─── Input data

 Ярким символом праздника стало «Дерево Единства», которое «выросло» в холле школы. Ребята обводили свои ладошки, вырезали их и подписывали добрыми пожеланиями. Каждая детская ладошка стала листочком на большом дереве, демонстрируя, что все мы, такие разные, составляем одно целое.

──────
─── Input data

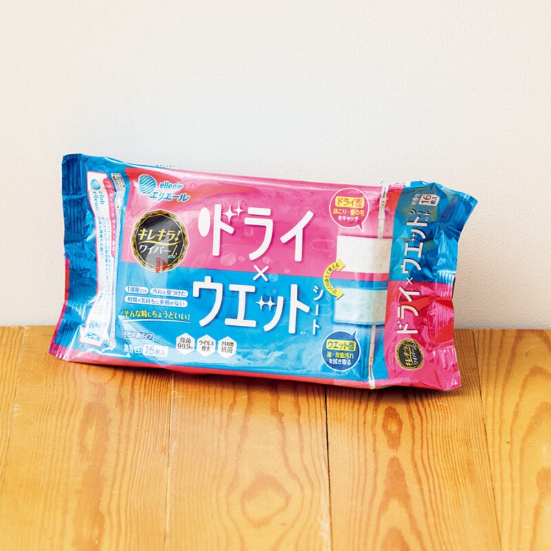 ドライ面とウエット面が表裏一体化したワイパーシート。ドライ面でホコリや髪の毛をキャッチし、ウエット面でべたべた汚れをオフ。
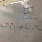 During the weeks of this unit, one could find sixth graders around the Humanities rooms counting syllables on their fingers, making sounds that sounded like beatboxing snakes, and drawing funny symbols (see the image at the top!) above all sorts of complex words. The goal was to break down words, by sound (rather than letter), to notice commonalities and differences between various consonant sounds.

──────
─── Input data

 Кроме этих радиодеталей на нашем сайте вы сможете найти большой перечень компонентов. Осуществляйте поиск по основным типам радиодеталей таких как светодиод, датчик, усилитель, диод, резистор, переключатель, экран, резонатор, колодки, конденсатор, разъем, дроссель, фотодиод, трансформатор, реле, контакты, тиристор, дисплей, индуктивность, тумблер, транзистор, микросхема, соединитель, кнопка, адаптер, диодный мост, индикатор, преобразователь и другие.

──────

| Exercise objective |
Pictures excluded, reproduce only the part above that opens with the line holding "ドライ面とウエット面が表裏一" and closes with the line holding "During the weeks", exactly as written.

| Solution to this task |
 ドライ面とウエット面が表裏一体化したワイパーシート。ドライ面でホコリや髪の毛をキャッチし、ウエット面でべたべた汚れをオフ。
 During the weeks of this unit, one could find sixth graders around the Humanities rooms counting syllables on their fingers, making sounds that sounded like beatboxing snakes, and drawing funny symbols (see the image at the top!) above all sorts of complex words. The goal was to break down words, by sound (rather than letter), to notice commonalities and differences between various consonant sounds.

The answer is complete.